Base models versus customized models
The nice thing about LLMs is that they have been trained and ready to use. As we saw in the previous section, training an LLM requires great investment in hardware (GPUs or TPUs) and it might last for months, and these two factors might mean it is not feasible for individuals and small businesses.
Luckily, pre-trained LLMs are generalized enough to be applicable to various tasks, so they can be consumed without further tuning directly via their REST API (we will dive deeper into model consumption in the next chapters).
Nevertheless, there might be scenarios where a general-purpose LLM is not enough, since it lacks domain-specific knowledge or doesn’t conform to a particular style and taxonomy of communication. If this is the case, you might want to customize your model.
How to customize your model
There are three main ways to customize your model:
- Extending non-parametric knowledge: This allows the model to access external sources of information to integrate its parametric knowledge while responding to the user’s query.
Definition
LLMs exhibit two types of knowledge: parametric and non-parametric. The parametric knowledge is the one embedded in the LLM’s parameters, deriving from the unlabeled text corpora during the training phase. On the other hand, non-parametric knowledge is the one we can “attach” to the model via embedded documentation. Non-parametric knowledge doesn’t change the structure of the model, but rather, allows it to navigate through external documentation to be used as relevant context to answer the user’s query.
This might involve connecting the model to web sources (like Wikipedia) or internal documentation with domain-specific knowledge. The connection of the LLM to external sources is called a plug-in, and we will be discussing it more deeply in the hands-on section of this book.
- Few-shot learning: In this type of model customization, the LLM is given a metaprompt with a small number of examples (typically between 3 and 5) of each new task it is asked to perform. The model must use its prior knowledge to generalize from these examples to perform the task.
Definition
A metaprompt is a message or instruction that can be used to improve the performance of LLMs on new tasks with a few examples.
- Fine tuning: The fine-tuning process involves using smaller, task-specific datasets to customize the foundation models for particular applications.
This approach differs from the first ones because, with fine-tuning, the parameters of the pre-trained model are altered and optimized toward the specific task. This is done by training the model on a smaller labeled dataset that is specific to the new task. The key idea behind fine-tuning is to leverage the knowledge learned from the pre-trained model and fine-tune it to the new task, rather than training a model from scratch.
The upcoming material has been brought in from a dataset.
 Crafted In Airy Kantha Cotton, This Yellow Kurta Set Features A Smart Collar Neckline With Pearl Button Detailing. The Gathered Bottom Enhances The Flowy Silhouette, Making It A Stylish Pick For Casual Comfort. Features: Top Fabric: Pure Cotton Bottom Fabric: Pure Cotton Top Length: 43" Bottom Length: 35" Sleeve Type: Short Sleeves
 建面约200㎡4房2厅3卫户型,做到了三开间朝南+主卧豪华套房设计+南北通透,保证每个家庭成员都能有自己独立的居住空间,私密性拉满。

Figure 1.12: Illustration of the process of fine-tuning
In the preceding figure, you can see a schema on how fine-tuning works on OpenAI pre-built models. The idea is that you have available a pre-trained model with general-purpose weights or parameters. Then, you feed your model with custom data, typically in the form of “key-value” prompts and completions:
{"prompt": "<prompt text>", "completion": "<ideal generated text>"}
{"prompt": "<prompt text>", "completion": "<ideal generated text>"}
{"prompt": "<prompt text>", "completion": "<ideal generated text>"}
...
Once the training is done, you will have a customized model that is particularly performant for a given task, for example, the classification of your company’s documentation.
The nice thing about fine-tuning is that you can make pre-built models tailored to your use cases, without the need to retrain them from scratch, yet leveraging smaller training datasets and hence less training time and compute. At the same time, the model keeps its generative power and accuracy learned via the original training, the one that occurred to the massive dataset.
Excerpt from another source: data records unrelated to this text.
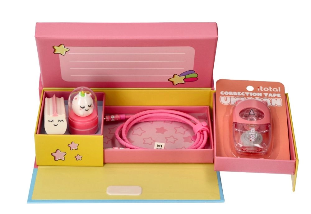 Prisrčni žigi z motivom enoroga iz kolekcije Stay Wild bodo razveselili otroke in odrasle. Praktični zaslon s 36 kosi je idealen za nagrade, ustvarjanje in šolske aktivnosti. Kompaktne mere 3 × 3 × 5 cm na kos omogočajo enostavno uporabo in shranjevanje.
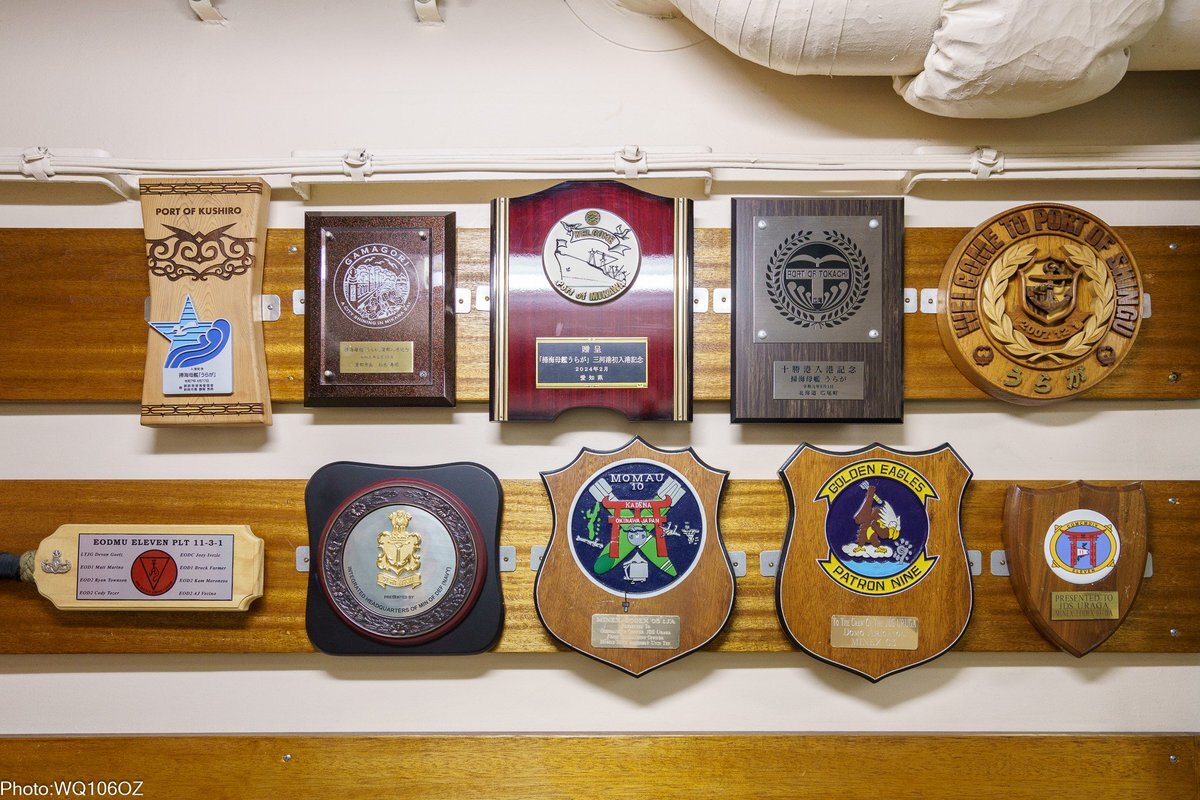 うらが艦内へ 格納庫は大型ヘリを格納できる設計だが現在は各種掃海具の置場に使っているとか何とか。造船は日立造船(現カナデビア)が造船していた頃のものなんですね。4枚目はかつて使われていた大型ヘリを出し入れする器具なんだと。しらせのスリングで固定されていました。 #オータムフェスタ2025 pic.x.com/O9m6JjKMlN
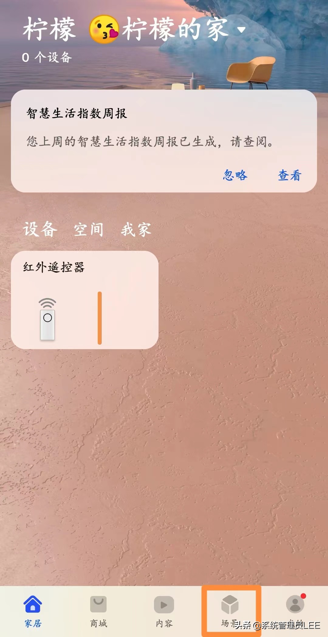 1、首先打开华为手机"智慧生活APP",点击页面下方的“场景”。
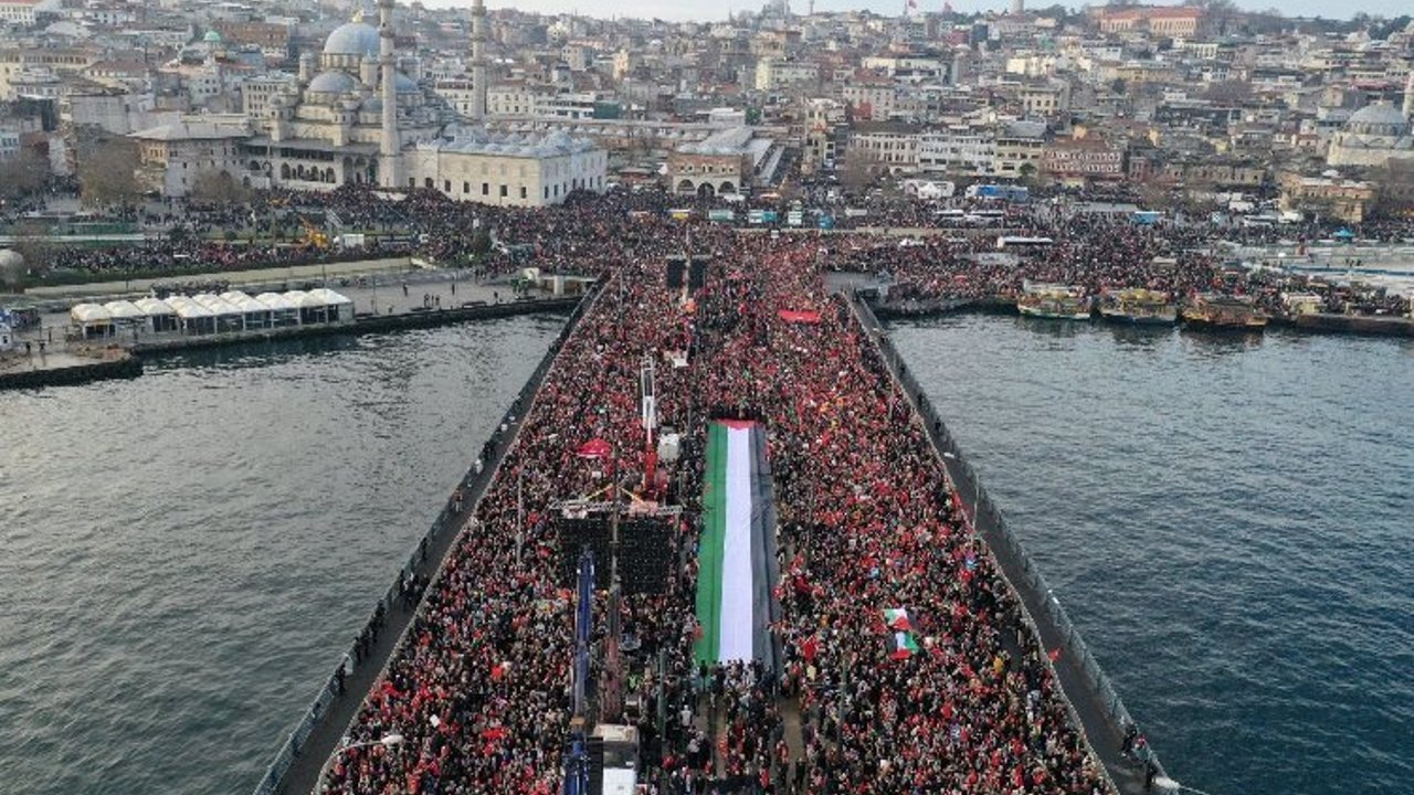 Ayasofya Cami’de kılınan sabah namazının ardından Galata Köprüsü’nden Galata Meydanı’na gerçekleştirilen yürüyüşe katılan Başkan Yüce, yüz binlerle birlikte tarihi mitingeeşlik etti. Yılın ilk gününde gerçekleştirilen buluşma, çalınan ezgiler ve Kuran-ı Kerim tilaveti ile devam etti.
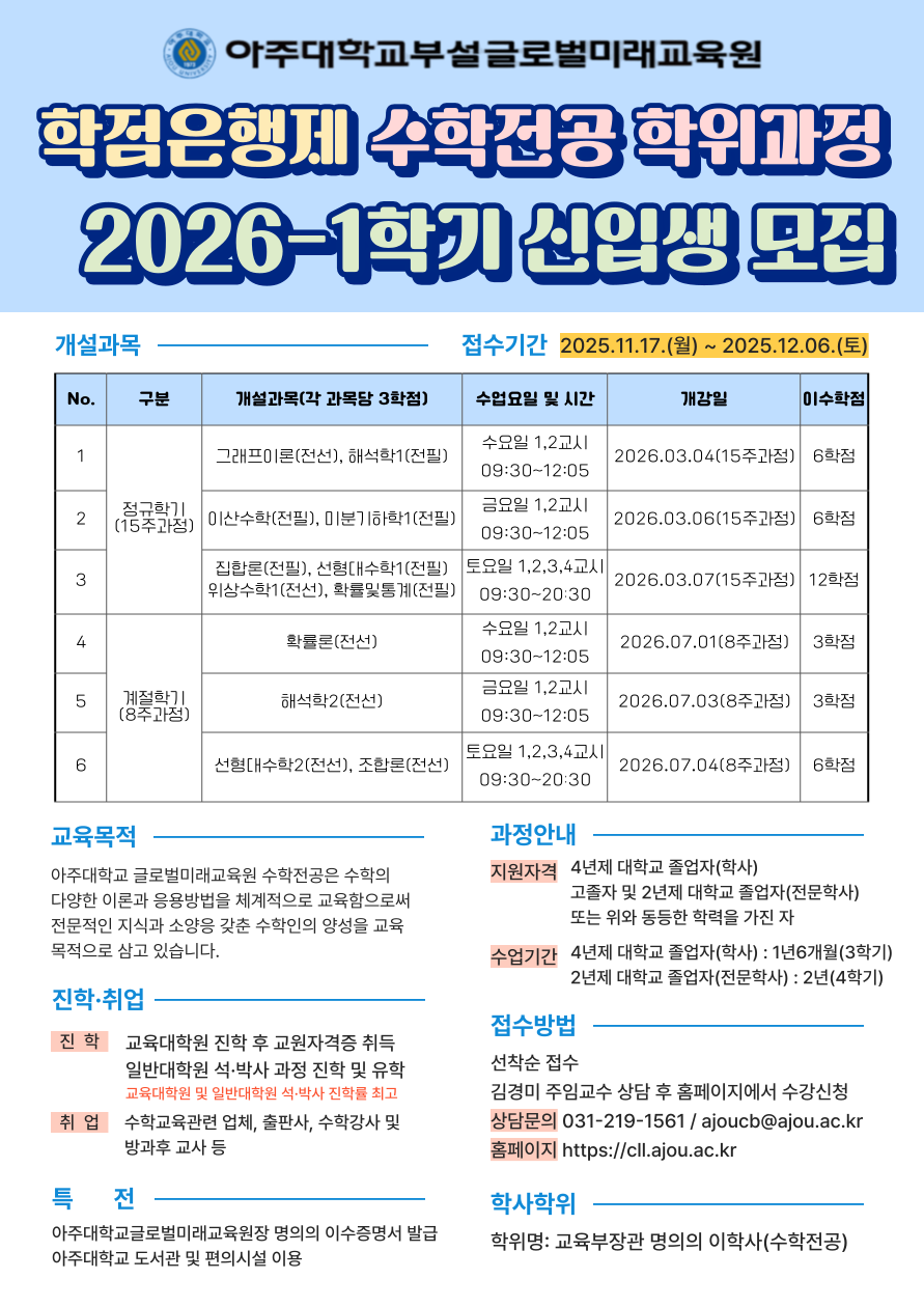 [학점은행제] 2026년 1학기 학점은행제 수학과정 수강생 모집
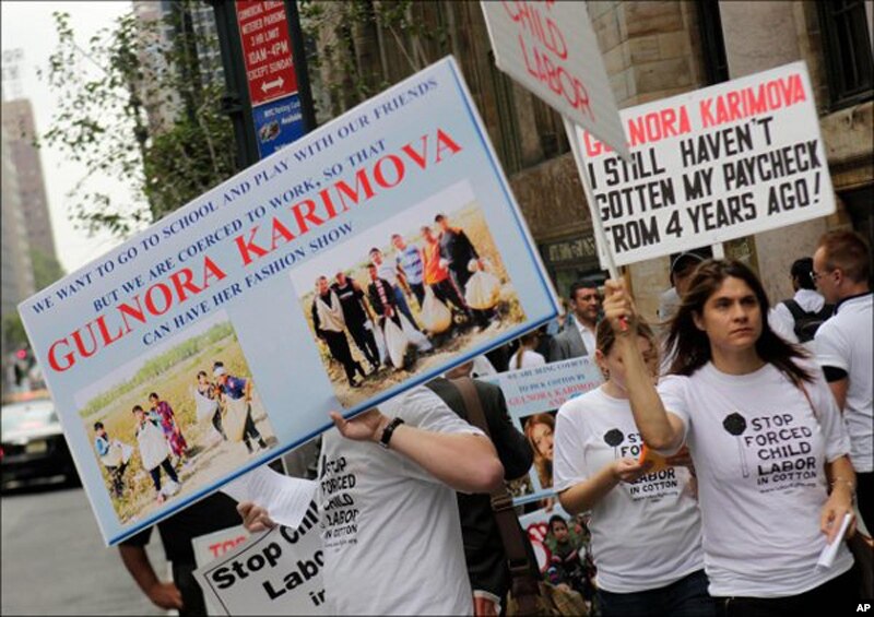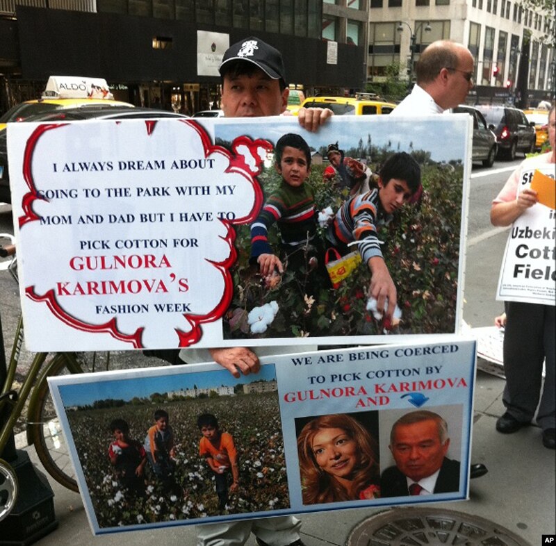 15 -16 сентябр кунлари Ғарб нашларининг барчаси ўзбекистонлик Юсуф Собиров кўтариб олган бир плакатни намойиш қилишди. “Мен ҳам ота-онам билан боғларда сайр қилишни истайман¸ аммо бунинг ўрнига Гулнора Каримова мода ҳафтаси учун пахта теришим шарт” деб ëзилган пахта тераëтган ўзбек болалари сурати ëнига бу плакатда.

In Chapter 11, Fine-Tuning Large Language Models, we will focus on fine-tuning your model in Python so that you can test it for your own task.
On top of the above techniques (which you can also combine among each other), there is a fourth one, which is the most “drastic.” It consists of training an LLM from scratch, which you might want to either build on your own or initialize from a pre-built architecture. We will see how to approach this technique in the final chapters.